The Centauro is a family of Italian military vehicles originating from a wheeled tank destroyer for light to medium territorial defense and tactical reconnaissance. It was developed by a consortium of manufacturers, the Società Consortile Iveco Fiat - OTO Melara (CIO). Iveco Fiat was tasked with developing the hull and propulsion systems while Oto Melara was responsible for developing the turrets and weapon systems.

Over the years, the Centauro platform has been developed into multiple variants to fulfill other combat roles, such as infantry fighting vehicle or self-propelled howitzer.

Description
The vehicle was developed in response to an Italian Army requirement for a tank destroyer with the firepower of the old Leopard 1 main battle tank then in service with the Italian Army, but with greater strategic mobility. The main mission of the Centauro is to protect other, lighter, elements of the cavalry, using its good power-to-weight ratio, excellent range and cross country ability (despite the wheeled design) and computerized fire control system to accomplish this mission.
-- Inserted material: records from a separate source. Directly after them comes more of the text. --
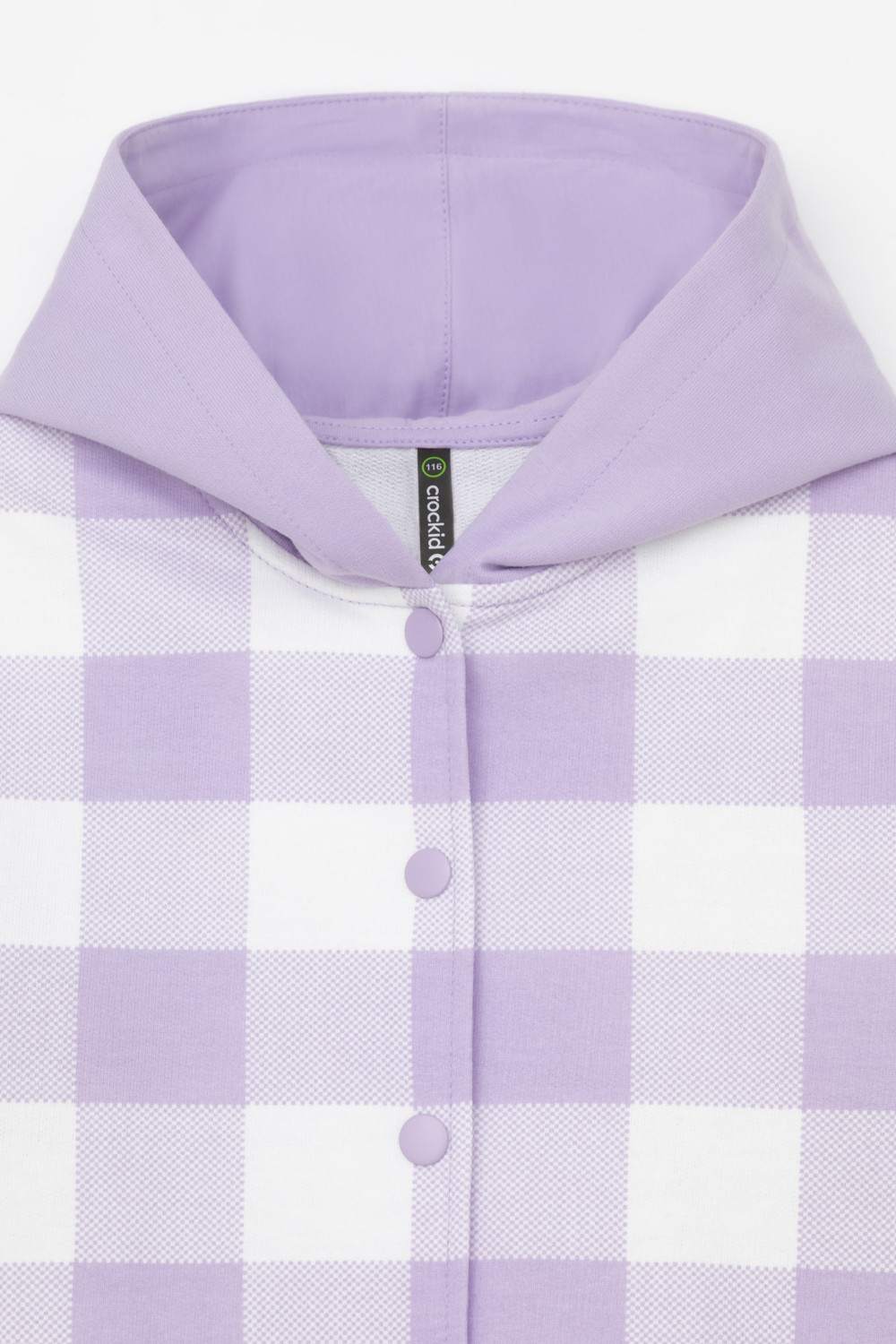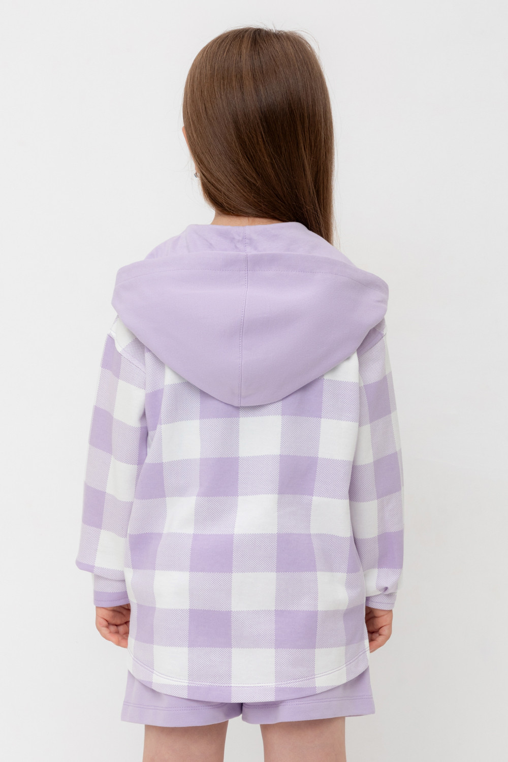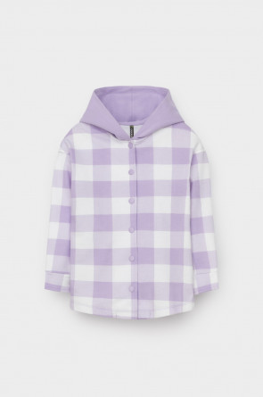 Свободная трикотажная рубашка для девочки с капюшоном. Выполнена из мягкого петельчатого футера. Застёгивается на кнопки. Модель с закругленным низом и спущенным плечом. По бокам разрезы.
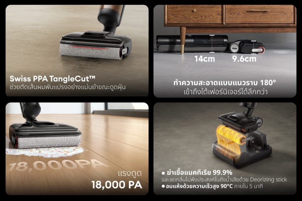 นอกจากนี้ยังมีระบบ HyperStream™ Detangling DuoBrush ที่ใช้แปรง TPU แบบคู่ ช่วยป้องกันเส้นผมพันแปรงและเพิ่มประสิทธิภาพในการทำความสะอาดทั้งพื้นกระเบื้องและพรม พร้อมด้วยเทคโนโลยี OmniDirt™ 2.0 เซนเซอร์อัจฉริยะสำหรับตรวจจับคราบสกปรกฝังลึก และระบบ TripleUp Tech ที่สลับโหมดอัตโนมัติระหว่างการดูดฝุ่นและถูพื้น รวมถึงระบบ AceClean DryBoard ที่ทำความสะอาดม็อบอัตโนมัติด้วยน้ำร้อน 80 องศา เพื่อความมั่นใจในความสะอาดสูงสุด
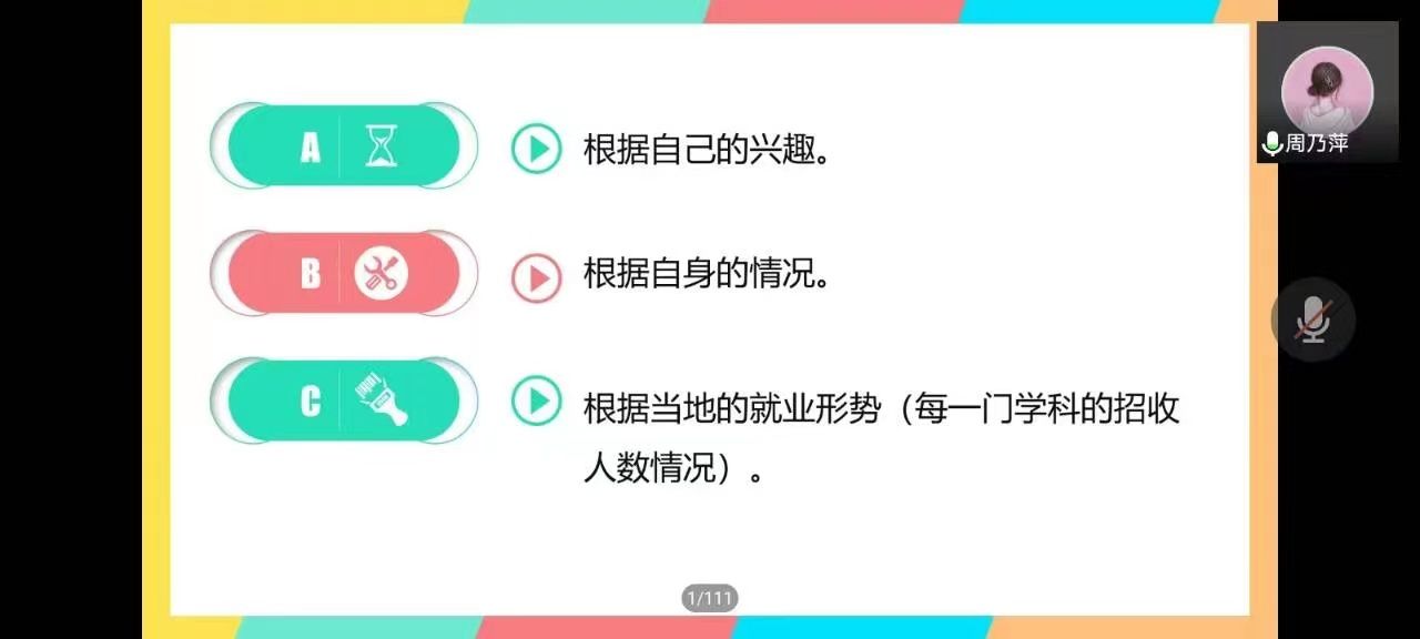 苟小茹老师主要从英语模块方向学习的目的、课程开设内容及就业去向进行了详细说明,她指出当前英语教学是小学教学的重点内容之一,这就要求小学教师既要掌握小学英语专业的教学方法,同时也要具备出色的英语技能,能够较熟练地组织富有趣味性的英语课堂。
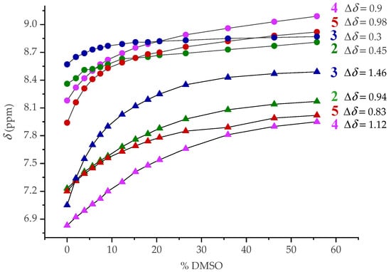 The chemical shifts of the four NHFn and four NHAla showed different variations upon titration of CDCl3 solution with DMSO-d6 (Figure 9). Although these protons are involved in IHBs, they showed downfield shift with increasing DMSO content, which could be due to exposure to the hydrogen-bond-accepting solvent. The NHAla of the tested peptides showed a high degree of solvent sensitivity (Δδ ~ 0.94–1.46 ppm), which is probably due to their involvement in weak HBs. However, increasing the DMSO content from 0–56% affected the NHFn of heterochiral peptides 2 and 3 much less (Δδ ~ 0.3–0.45 ppm) than those of homochiral peptides 4 and 5 (Δδ ~ 1 ppm), indicating their involvement in stronger IHBs and folding into more stable turn structures.
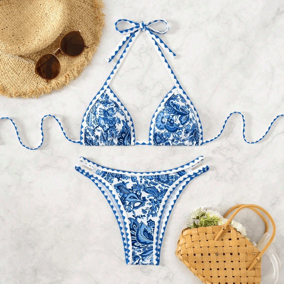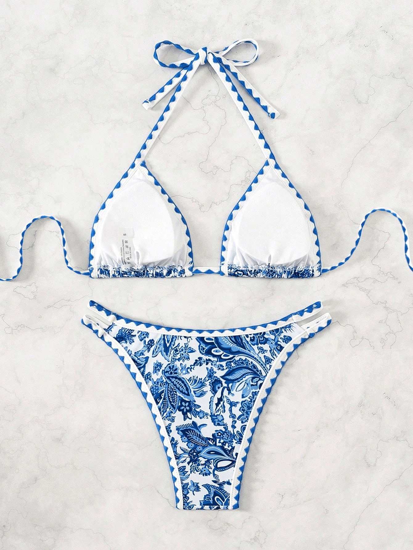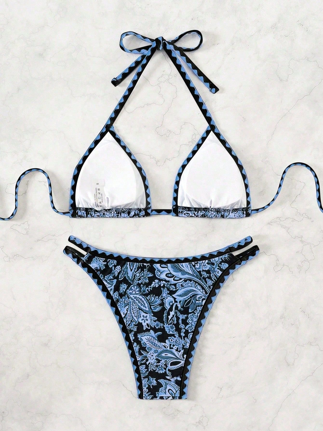 2025 새로운 AliExpress 유럽과 미국의 인쇄 홀터넥 섹시한 비키니 스플릿 수영복 여성 비치 수영복 비키니

Centauro entered production in 1991 and deliveries were complete by 2006.

Armament
The main armament consists of the Oto Melara 105 mm/52 caliber gyro-stabilized high-pressure, low-recoil gun equipped with a thermal sleeve and an integrated fume extractor, with 40 rounds: 14 ready rounds in the turret and another 26 rounds in the hull. The gun can fire standard NATO ammunition, including APFSDS (Armour Piercing Fin-Stabilized Discarding Sabot) rounds.

Secondary weapons are a 7.62 mm coaxial machine gun, and another 7.62 mm anti-aircraft machine gun with 4,000 rounds of ammunition.

Aiming is provided by a Galileo Avionica TURMS fire control system (the same as fitted to the Italian Ariete tank) and is equipped with a muzzle referencing system and a fully digital ballistic computer. The gunner's sight is fully stabilized and comes equipped with a thermal imager and laser rangefinder. The commander's station is equipped with a panoramic stabilized sight, an image intensifying night sight and a monitor displaying the image from the gunner's thermal sight. This allows Centauro to engage stationary or moving targets while stationary or on the move, in day or night.

Armour
The Centauro hull is an all-welded steel armoured hull, which in the baseline configuration is designed to withstand 14.5 mm bullets and shell fragments with protection against 25 mm munition on the frontal section. The addition of bolt-on appliqué armour increases protection against 30 mm rounds.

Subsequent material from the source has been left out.